ノーザンレイク初のクラウドファンディング「皆様と一緒に楽しんで走り抜けていきたい」

2025年10月28日(火) 18:00

第二のストーリー

「何で俺の部屋は雨漏りするんだ」とすね気味のネコパンチ(提供:ノーザンレイク)

引き続きご支援をよろしくお願いします

 筆者が関わる引退馬の牧場・ノーザンレイクが開場6年目にして初めてクラウドファンディングを実施している。目標額は1500万円。期間中にその額に達しなければもらえない All or nothing方式のため、必要最低限の金額を設定した。

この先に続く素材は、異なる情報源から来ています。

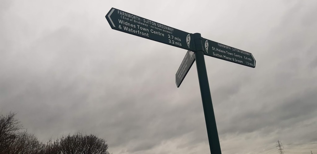 The Farnworth – Sutton Greenway follows a short length of the disused St. Helens and Runcorn Gap Railway that was constructed in 1830 to connect to the Liverpool – Manchester line from Runcorn. Carrying coal initially and later transporting cement, Ford cars and passengers until its closure in 1975. The surface is now compacted gravel and drains quite well with the mud only at the edges (which I found straight away!). The track initially, passes at the rear of a small housing development on the left with the previously mentioned garden centre on the right. After a couple of right-angled turns and through an ‘A-gate’ designed to slow/stop cyclists, the path opened up as a wide straight track disappearing into the distance.  The path is a multi-use route for cyclists, horse riders and walkers. I would assume that it is wheelchair friendly also assuming that a wheelchair could squeeze through the cycle traps. I imagine that this is the case. My dad only just managed to prise his ever- widening beam through the gate thanks to the unbelievable amount of unhealthy food he has eaten through the extended Christmas overindulgence.

 メイショウドトウや2022年に天に召されたタイキシャトル(ともに認定NPO法人引退馬協会預託馬)、看板牧場猫メトの人気もあってXのフォロワー数が増えた。ポストした内容の反響の大きさや見学に訪れた方々の様子から、応援してくださる方がたくさんいるのはわかっていたつもりだったが、クラファンが始まる前は期待もあったが不安も大きかった。ところが蓋を開けてみれば、支援者数と金額がものすごい勢いで伸び、4時間足らずで目標金額に到達してしまった。クラファン会社の担当者も驚いていた。もちろん当牧場代表の川越靖幸も私も正直驚いた。

 と同時に支援してくれたファンの方々に謝らなければとも思った。ものすごいスピードで目標額に達し、その後も伸び続けて、10月28日15時現在、5700万円あまり集まっている。集まっても3000万円くらいかなと予想していたのにこの金額。支援してくれるファンの方々の力を完全に過小評価していた。この場を借りて謝罪したい。本当に申し訳ありません。そして本当にありがとうございます。

 ノーザンレイクは2020年7月に空き牧場を借りてオープンした。それまで5年以上、誰も使用していなかった。昔の作りの厩舎なので枠組みはしっかりしているのだが、窓のガラスがなかったり、屋根のトタンが剥がれていたりと借りた当初から老朽化が目立っていた。使用していない棟続きの隣の厩舎内は廊下や馬房の床が盛り上がったり崩れたりしているほか、残置物もたくさんあってこちらは最初から使用できる状況ではなかった。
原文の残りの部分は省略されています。